And of course what's been on my mind - what will inevitably come to dominate my thoughts - is the next step in my life. And the very question (What to do?) is part of the debate. I'm very tempted to just not decide and let the next step find me. I think there's just too much to consider and cull so that it might be counterproductive to look. What I have to convince myself of is that there is no one job where I can fulfill all of my goals - all I can do is take a good job and make the most of it, molding it into the job I want. Like this one. And the hope is that with every job, self-directed or not, I'll get closer and closer to my goals.

I guess it's just a professional reflection of my philosophical wanderings - that, inevitably, I will get closer and closer to the truth that doesn't really exist. Just like when you tear a piece of paper in half. And then do it again. And agian. And, assuming you get small enough instruments, you can keep on doing that for quite a while. You never get down to "no paper" - you just get infinitely close to it. I'll just get close enough to get a good idea. And I'll never find the perfect job. I'll just get close enough to have an idea of what it would be.

I'm so preoccupied with happiness - mainly, that of others - that I don't focus on my own. So my next job definitely needs to address that situation. Which isn't to say that I'm not happy. This is definitely the coolest (and lowest paying - roughly $30 per week) job. So I guess another objective would be to find something as cool.

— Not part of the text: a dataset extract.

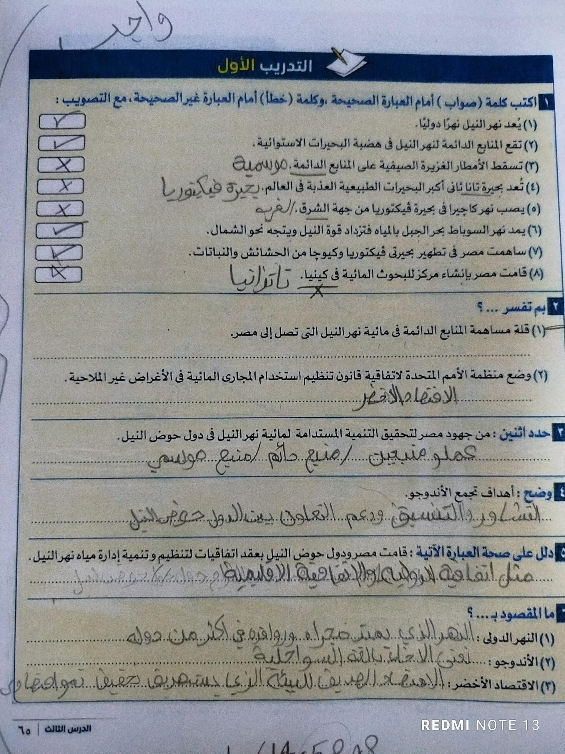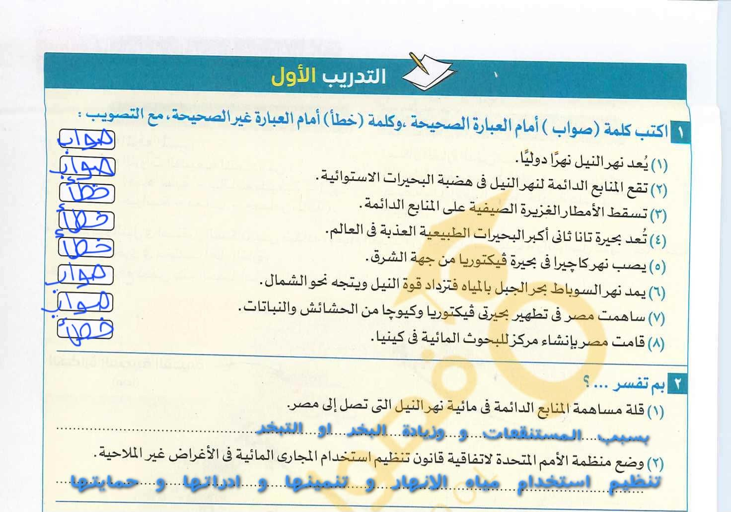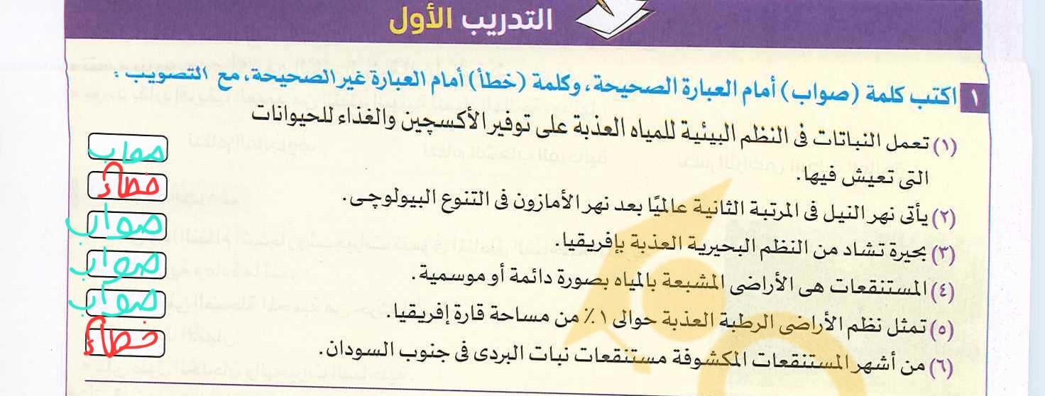 الواجب ص193 تدريب 1 عن الجزء الاول من النظم المائيع العذبه

Which leads me to the next conclusion, that I need to move. Preferably from the States. But I need to figure out where I am emotionally first, and how I can maintain relationships with loved ones. But I could easily see myself in China, Brazil, Lithuania or even Canada, speaking Chinese, Portuguese, Lithuanian or Canadian :) The possibilities make my head spin, because although it's only months away, it's a world that I can't imagine right now.